Para o investigador da FMV-ULusófona, a importância do conhecimento destes dados é fundamental para que “os colegas possam agilizar as medidas profiláticas da leishmaniose em função da região onde estão a trabalhar”.

Tanto Duarte Diz Lopes como Ana Mota assim o fizeram. O médico veterinário de Bragança tem um plano de saúde desenhado para os clientes do CAMV no qual se reflete a “preocupação maior com a leishmaniose”. Esse plano de saúde inclui a sugestão de vacinação generalizada contra o flebótomo para todos os cães – sejam de raças exóticas ou autóctones – e o aconselhamento para a utilização de repelentes durante todo o ano. Eventualmente, pode ser aconselhado o recurso a imunomoduladores para reforço do sistema imunitário, sobretudo em animais seropositivos.

A diretora clínica da clínica Patas e Penas também optou por uma estratégia semelhante. “No esquema de vacinação que sugerimos em consulta está sempre incluída a vacina contra a leishmaniose”, conta à VETERINÁRIA ATUAL, acrescentando também que é sempre aconselhado aos tutores o uso de repelentes durante o ano inteiro. “Na clínica, investimos imenso na prevenção”, reforça a médica veterinária.

Ambos os clínicos garantem que seguem as orientações emanadas pelas guidelines internacionais – tanto pelo European Scientific Counsel Companion Animal Parasites (ESCCAP), como as publicadas pelo grupo LeishVet – nas quais se recomenda, primeiro, a testagem dos animais e, posteriormente, a vacinação de cães que vivem em zonas endémicas para a leishmaniose.
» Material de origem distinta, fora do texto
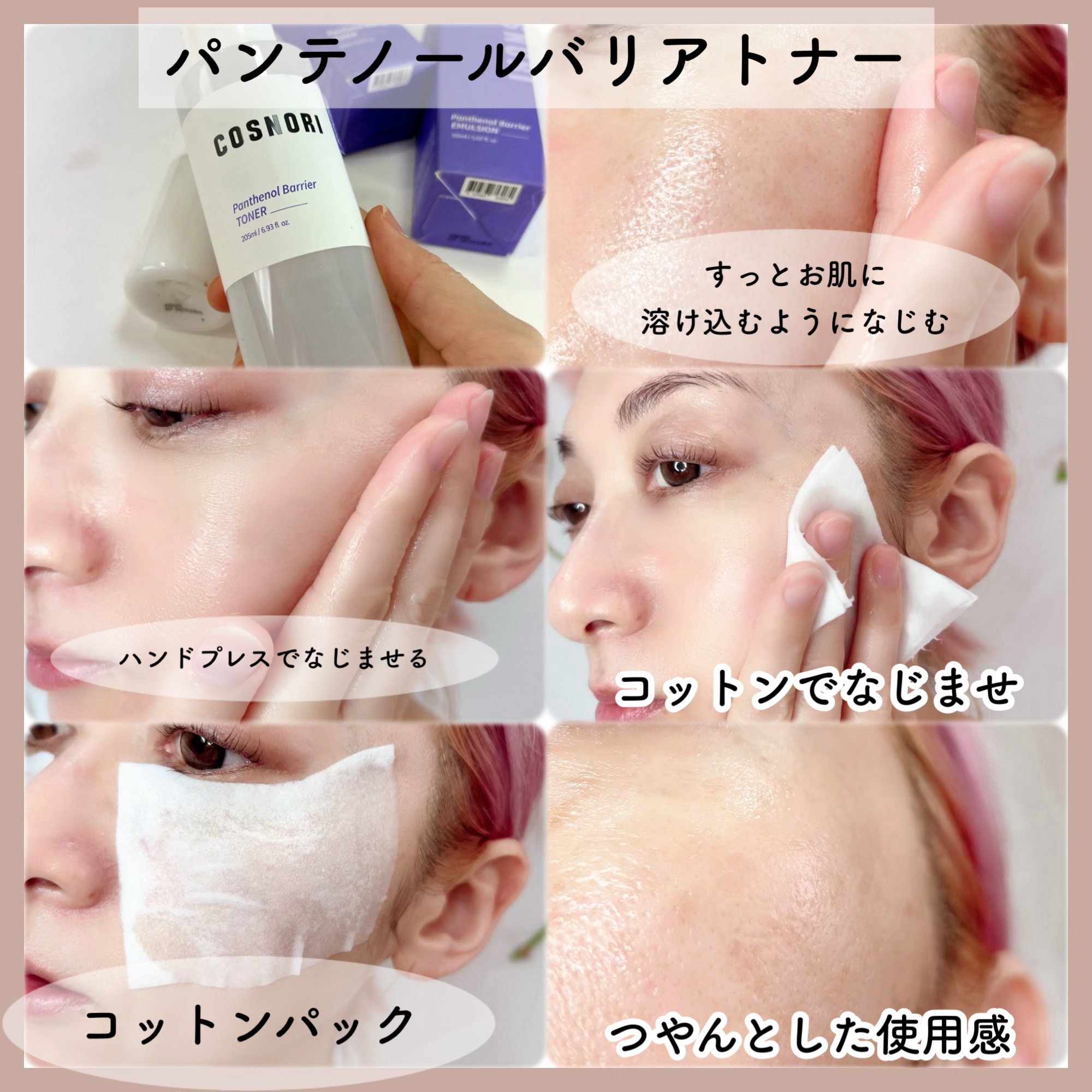 パンテノール50,000ppm配合 ビタミンCを豊富気含み肌コンディションを上げる さっぱりした水分感のウォーターフォーミュラー トナーはパシャパシャな水のようなテクスチャ。 メイク前にコットンパックとして使うとふっくらもっちり肌になってメイクのりも良くなります🍀

E, durante a conversa, os dois diretores clínicos também relatam que não costumam ter grande oposição dos tutores à vacinação, mesmo sendo uma vacina com um valor de mercado um pouco mais elevado, comparativamente com as outras vacinas recomendadas e opcionais. Sobretudo, garante Duarte Diz Lopes, “se forem tutores que já tiveram animais com leishmaniose, nem é preciso convencê-los. Eles testemunharam como as consequências da doença foram negativas e gravosas para a saúde do animal e nem hesitam em vacinar”.

Neste campo da prevenção, André Pereira esclarece alguns pontos que podem melhorar a profilaxia realizada aos cães. Em primeiro lugar, “é preciso conhecer a diferença entre inseticida e repelente. O repelente – seja em pipeta ou em coleira – é que vai impedir que o vetor se alimente no cão”, explica. Com o inseticida, o inseto precisa alimentar-se do sangue do cão para, posteriormente, morrer e esse momento em que se alimenta é o suficiente para transmitir o parasita.

Em segundo lugar, acrescenta, “é preciso ter a noção de que, mesmo tendo o cão vacinado, não se deve descartar o uso de repelente. A vacina é uma barreira adicional, pensada como um método para evitar que o animal, se for infetado, venha a desenvolver doença grave. Os repelentes, se forem efetivos e utilizados segundo as recomendações dos fabricantes, vão impedir que o vetor se alimente no cão e lhe transmita o parasita”. É a conjugação dos dois métodos de prevenção que pode conduzir a uma proteção mais eficaz do animal.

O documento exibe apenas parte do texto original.